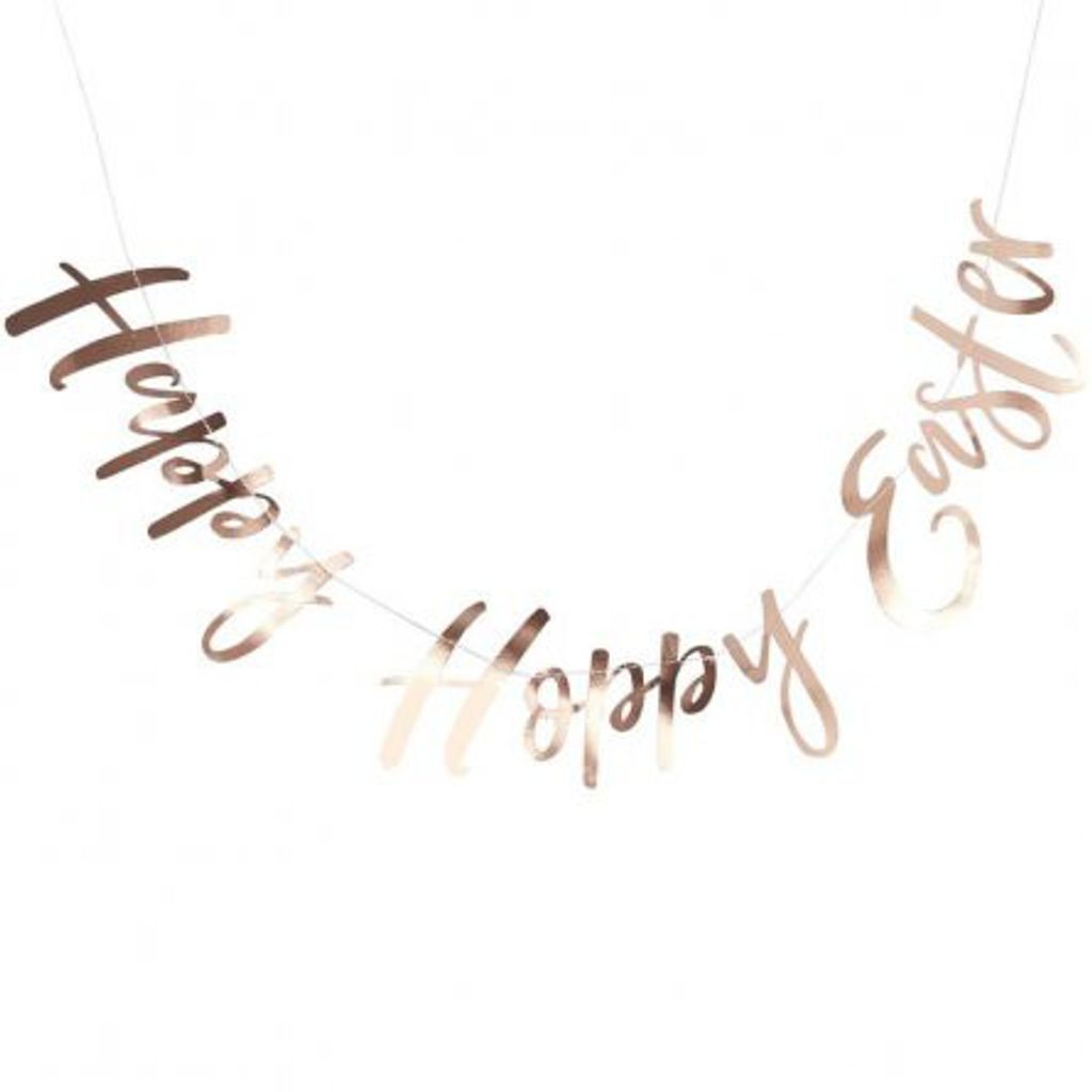 Girlang i guld med texten " Happy Hoppy Easter ". Perfekt som dekoration på väggen
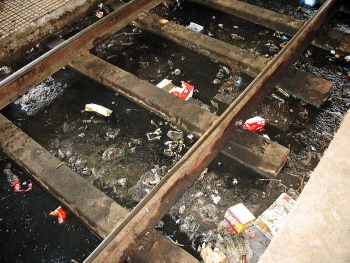 Полоса отвода железной дороги захламлена сухостоем и иными горючими материалами.
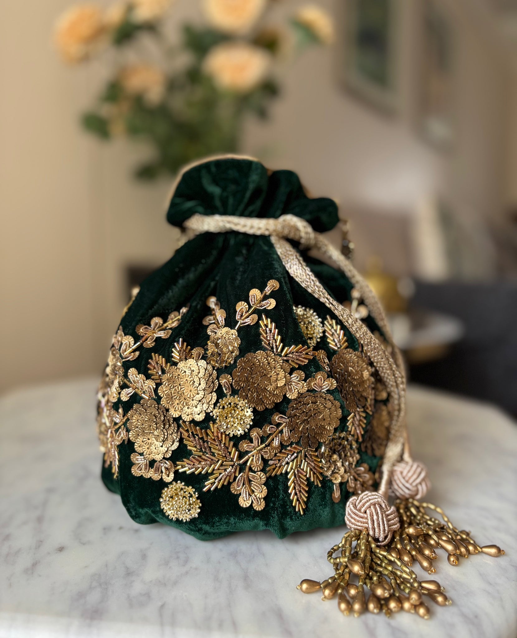 Hand Embroidery: Beautiful floral designs with sequins petals and cut daana leaves. Embellishments: Matching hand made tassel latkans and gold chain handle. Fabric: Velvet base & blended silk lining. Size: ~3 inch base radius; 9 inch height Care: Store in a muslin cloth.

- [INSTRUCTIONS TO FOLLOW] Print exactly the line containing "Полоса отвода железной" and every line after it through the final line above, and leave all pictures out.

- [EXERCISE OUTPUT]
 Полоса отвода железной дороги захламлена сухостоем и иными горючими материалами.
 Hand Embroidery: Beautiful floral designs with sequins petals and cut daana leaves. Embellishments: Matching hand made tassel latkans and gold chain handle. Fabric: Velvet base & blended silk lining. Size: ~3 inch base radius; 9 inch height Care: Store in a muslin cloth.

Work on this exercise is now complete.